Scholarship on cross-racial coalitions describes respondent samples like mine as “political elites” because of the nature of the coalitions my respondents were part of and because of their relatively high education and income levels [11] (p. 16). I would suggest that my sample is more heterogeneous than the term “political elites” suggests, given the varied types of organizing that these women were involved in, such as organizations that advocate for groups they themselves are not part of (i.e., immigrants) as well as organizations that assist their own communities (i.e., low-income workers, parents, racial and ethnic minorities, etc.). Still, my sample is somewhat overrepresented by “political elites” and thus distinct from those that dominate the study of black-brown coalitions in the Nuevo South [1,3,6,8,9,11,14,17,19,22,44,45,46,47,48]. Much of this work is focused on coalitions between African Americans and Latina/o immigrants in small towns in the Southeast. My work builds on and departs from those studies by investigating coalition building in a large city (Atlanta) and by focusing predominantly on non-immigrants.

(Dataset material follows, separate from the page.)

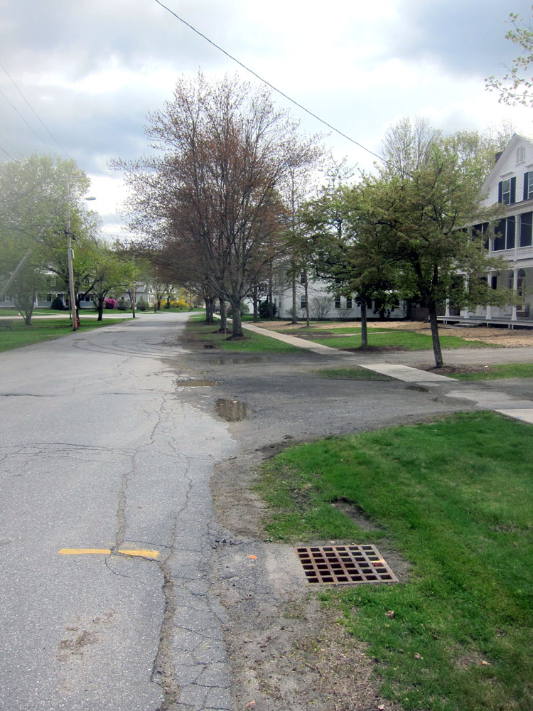 First a clarification of the advantage of curbing. Curbs delineate the edge of the pavement, thus separating the road from the roadside and discouraging drivers from parking or driving on sidewalks and lawns. Curbs provide structural support to the pavement edge. And, curbs can be used to channel runoff water from rain or melted snow and ice into storm drains. These are the utilitarian aspects, but even more important in our village setting, and in consonance with Main Street, Westminster Street, and other village locations:

My sample is unique, therefore, in terms of education and class, and also due to the citizenship status of the Latina respondents. All but three of the Latinas I spoke with were born and raised on the U.S. mainland. Of the three remaining Latinas, two immigrated to the U.S. as young adults, and the last was born and raised on the island of Puerto Rico, moving to the mainland when she was in her twenties. About half of the African American respondents were native Georgians; another four were originally from the Southeast. Most of the Latinas were not native to Georgia, but each woman had lived in Georgia for at least five years. Both the Latina and Black respondents were a heterogeneous representation of ethnic and racial identities. Latina respondents represented a broad range of ethnicities including Brazilian, Chilean, Colombian, Cuban, Mexican, Peruvian, and Puerto Rican. Three of the Latina respondents self identified as Black Latinas. Nineteen of the twenty Black respondents self identified as African American and Black, with one woman identifying as being of African descent in America.

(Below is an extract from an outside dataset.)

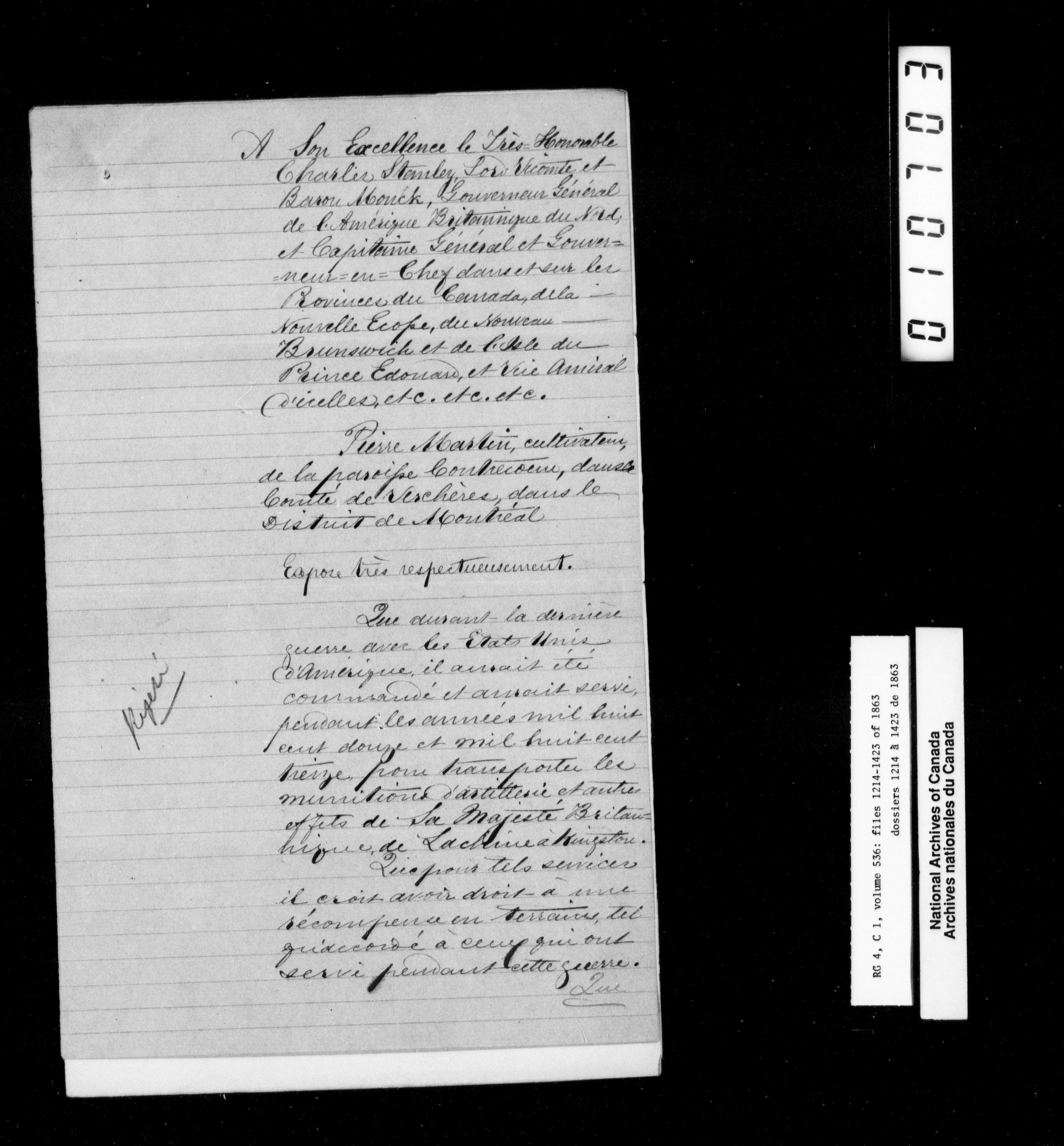 Canada East : Provincial Secretary numbered correspondence files, 1839-1867 - 2772

I was heavily involved in some of the organizing efforts I write about here, most significantly in helping to organize town hall meetings on anti-immigration legislation and co-chairing the Atlanta Organizing Committee for Undoing Racism. I started this project wanting to understand how people went on doing this work in the face of so many internal and external obstacles. My focus was not on any particular form of organizing because I had been part of enough collective efforts in other states to know that many crucial dynamics and obstacles existed across organizing lines. I identify as Chicana. Initially, most non-Latina/o people I met both inside and outside of organizing contexts in Georgia did not know the term “Chicana”. Explanations of this term usually led to interesting discussions of racial and ethnic categories and immigration. I worked in some capacity with all but one of the women I interviewed and worked closely with four of the African American women and three of the Latinas. By not limiting my research to one issue or case study, my work moves beyond the single case study approach that Hinckley [31] argues limits our ability to document the process of building trust.

4. The Nuevo South

To fully unpack the ways that identities are constructed and how these identities affect the dynamics of cross-racial organizing, we must take into account the context within which the organizing is taking place. Since the release of the 2000 Census, and more recently the 2010 Census, both scholars and the public have begun to pay attention to the influx of Latinas/os into destinations within what has been dubbed the Nuevo South [1,2,7,10,11,17,18,19,21,22,43,44,45,46,76]. Every Southern state1 except for Louisiana saw its Hispanic population increase between 2000 and 2006. Georgia, along with North Carolina and Arkansas, saw its Hispanic populations increase by at least three hundred percent between 1990 and 2006 [43]. Of equal importance to the numerical increase is the speed at which this growth occurred. Drawn by the robust economy, Latino settlement in the South is characterized by permanent workers rather than temporary migrants and represents a wide variety of nationalities, socioeconomic backgrounds, and family structures [47,76]. In Georgia, for example, Mexicans comprised 65.4 percent of the total Hispanic population in 2006, followed by Central Americans (12.6 percent), Puerto Ricans (7.4 percent), and South Americans (6.1 percent) [76].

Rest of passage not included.